----- Original Message -----
From: "J. van Baardwijk" <[EMAIL PROTECTED]>
To: <[EMAIL PROTECTED]>
Sent: Thursday, July 12, 2001 12:45 AM
Subject: Re: Times have changed, 'green' sells products


> At 09:00 11-7-01 -0500, Dan Minette wrote:
>
> > > Dan's remarks about how come that ecological sane solutions didn't
> > > catch on until now (especially if you take into account that they have
> > > been around for some thirty odd years) has been bogging me for a while
> > > now.
> > >
> > > I think I have one of the more simple answers to this question: It
> > > wasn't fashionable until now. As far as I got it, the sentiment until
> > > just a few years ago was that ecologically sound techniques and green
> > > products were seen as something exclusively for eco nerds.
> >
> >Sorry.  I remember it being very fashionable 25 years ago in Madison WI.
> >Indeed, there was a big push for wind power.
>
> Back then, only a small percentage of our population realized what we were
> doing to the environment, and realized the benefits of green power.

No hard feelings, but I was there at the time.  I don't know what happened
in Europe, but in the US hundreds of billions of dollars were spent on
pollution control during the late 60s and 70s.  The discussions were very
public and environmental protection was a popular movement.

But, it was not a movement without a price.  My little neighborhood was a
great example of the tradeoff.  There was an old steel mill that dumped
wastes into the river.  The river was unswimmable at the time.  They were
required by state law to significantly reduce their pollution.
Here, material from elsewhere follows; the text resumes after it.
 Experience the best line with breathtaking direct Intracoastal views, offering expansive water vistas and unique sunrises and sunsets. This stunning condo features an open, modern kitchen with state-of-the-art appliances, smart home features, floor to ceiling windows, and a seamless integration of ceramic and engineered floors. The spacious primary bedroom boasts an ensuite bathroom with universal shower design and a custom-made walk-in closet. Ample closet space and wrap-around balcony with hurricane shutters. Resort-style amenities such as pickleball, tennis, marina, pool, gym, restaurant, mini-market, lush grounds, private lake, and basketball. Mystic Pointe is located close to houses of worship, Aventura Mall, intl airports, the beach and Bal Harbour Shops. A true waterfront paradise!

Since the plant was only marginally economic, US steel decided to close it
instead of spend the money on pollution control equipment. As a result about
2000 high paying blue collar jobs were lost.

25 years later, the area still hasn't recovered. Sons and daughters of
people that were upper middle class struggle to make lower middle class.
You may rail against US steel, but IIRC, they were not doing too well at the
time: they were only marginally profitable and had some years with losses.
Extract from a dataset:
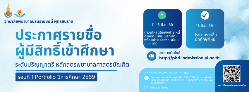 | ประกาศสถาบันพระบรมราชชนก เรื่อง รายชื่อผู้ผ่านการคัดเลือก (เพิ่มเติมกรณีผ่านผลตรวจร่างกาย) ระดับปริญญาตรี รอบที่ 1 Portfolio ปีการศึกษา 2568 คณะพยาบาลศาสตร์ หลักสูตรพยาบาลศาสตรบัณฑิต |

But, very little was said at the time against the pollution regulations
because they caused the steel plant to close.  The damage to the river was
noticeable and the nation was considered well enough off to pay for
pollution controls.  I'm guessing that wouldn't have been true in the '30s,
but by the late 60s, we decided that the environment was important enough to
spend hundreds of billions on.

During the 70s, oil was associated with mid-East sheiks.  After the 1973
embargo, there was a presidential task force to make the US energy
independent by 1973. Oil was in strong political disfavor because of the
price hikes.  It was associated with derogatory images of Arabs, such as
"rag-head" and "camel jockey."

Given that background do you think that practical green power would have
been ignored.  President Carter made his energy policy, featuring
conservation, his single biggest focus.  How in the world could that be a
political climate where green was marginalized.
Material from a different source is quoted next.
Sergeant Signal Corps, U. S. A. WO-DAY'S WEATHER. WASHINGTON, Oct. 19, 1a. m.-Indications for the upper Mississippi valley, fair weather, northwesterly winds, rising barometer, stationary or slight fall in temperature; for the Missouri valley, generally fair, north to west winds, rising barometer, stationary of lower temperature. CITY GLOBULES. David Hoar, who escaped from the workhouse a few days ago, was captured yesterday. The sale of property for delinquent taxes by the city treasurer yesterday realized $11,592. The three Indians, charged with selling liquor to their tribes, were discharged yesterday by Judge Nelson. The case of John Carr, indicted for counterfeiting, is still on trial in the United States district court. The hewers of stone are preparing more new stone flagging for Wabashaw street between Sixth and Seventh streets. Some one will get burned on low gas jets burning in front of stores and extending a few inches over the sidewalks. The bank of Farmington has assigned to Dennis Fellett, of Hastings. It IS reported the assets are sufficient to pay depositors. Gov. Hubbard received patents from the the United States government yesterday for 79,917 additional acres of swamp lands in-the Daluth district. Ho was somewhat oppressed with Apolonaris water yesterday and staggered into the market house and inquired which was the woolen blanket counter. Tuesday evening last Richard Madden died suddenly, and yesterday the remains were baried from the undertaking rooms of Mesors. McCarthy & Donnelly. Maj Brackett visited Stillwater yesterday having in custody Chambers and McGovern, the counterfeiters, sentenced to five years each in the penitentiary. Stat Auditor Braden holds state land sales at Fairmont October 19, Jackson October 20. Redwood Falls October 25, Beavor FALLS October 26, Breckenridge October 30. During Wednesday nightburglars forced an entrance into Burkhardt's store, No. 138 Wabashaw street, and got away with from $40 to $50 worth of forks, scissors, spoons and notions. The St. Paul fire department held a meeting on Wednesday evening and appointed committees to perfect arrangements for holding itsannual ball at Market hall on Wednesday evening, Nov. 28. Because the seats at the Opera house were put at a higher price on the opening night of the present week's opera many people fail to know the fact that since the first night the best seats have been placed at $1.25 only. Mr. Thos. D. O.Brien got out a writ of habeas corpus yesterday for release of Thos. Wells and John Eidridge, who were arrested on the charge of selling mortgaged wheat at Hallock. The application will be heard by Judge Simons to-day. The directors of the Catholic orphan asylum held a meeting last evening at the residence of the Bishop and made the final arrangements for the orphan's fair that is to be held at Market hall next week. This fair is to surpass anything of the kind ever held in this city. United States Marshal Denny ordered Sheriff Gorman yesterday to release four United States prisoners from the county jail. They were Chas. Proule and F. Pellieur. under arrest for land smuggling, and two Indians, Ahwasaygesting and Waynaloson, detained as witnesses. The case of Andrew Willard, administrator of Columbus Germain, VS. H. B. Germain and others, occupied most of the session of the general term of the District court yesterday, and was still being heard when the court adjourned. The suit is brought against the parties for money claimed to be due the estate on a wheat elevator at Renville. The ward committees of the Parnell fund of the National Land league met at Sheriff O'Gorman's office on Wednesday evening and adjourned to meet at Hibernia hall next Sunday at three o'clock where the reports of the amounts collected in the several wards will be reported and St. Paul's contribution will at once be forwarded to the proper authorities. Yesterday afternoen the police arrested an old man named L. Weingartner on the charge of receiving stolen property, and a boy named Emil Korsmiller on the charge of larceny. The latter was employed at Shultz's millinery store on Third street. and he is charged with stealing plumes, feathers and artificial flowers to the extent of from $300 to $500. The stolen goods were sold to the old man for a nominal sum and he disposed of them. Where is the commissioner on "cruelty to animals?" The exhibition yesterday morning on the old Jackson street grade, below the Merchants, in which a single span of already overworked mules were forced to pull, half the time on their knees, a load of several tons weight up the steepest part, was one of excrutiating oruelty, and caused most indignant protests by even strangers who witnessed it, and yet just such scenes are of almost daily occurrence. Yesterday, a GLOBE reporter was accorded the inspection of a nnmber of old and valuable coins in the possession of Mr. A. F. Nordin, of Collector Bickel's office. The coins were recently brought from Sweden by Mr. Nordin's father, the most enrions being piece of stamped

>For  many years they were ridiculed, and considered a fringe group,
treehuggers
> who didn't know what they were talking about.

That's certainly not true.  What was true was that there was a radical
sub-set who insisted that the engineering troubles of green power were not
engineering but the results of sinister forces.  Indeed, some of these ideas
were mainstream: the urban legend that big oil had bought the secret patent
rights to a carburetor that could turn a 20 mpg care into a 60 mpg car, just
so they would keep selling a lot of oil is a good example of this.
Arguments that secret patents were impossible or that such a carburetor was
also impossible were met with "that's what they want you to think."


>Politicians didn't care about  the environment, so nothing pro-environment
was done.

That is a  false statement, at least in the US.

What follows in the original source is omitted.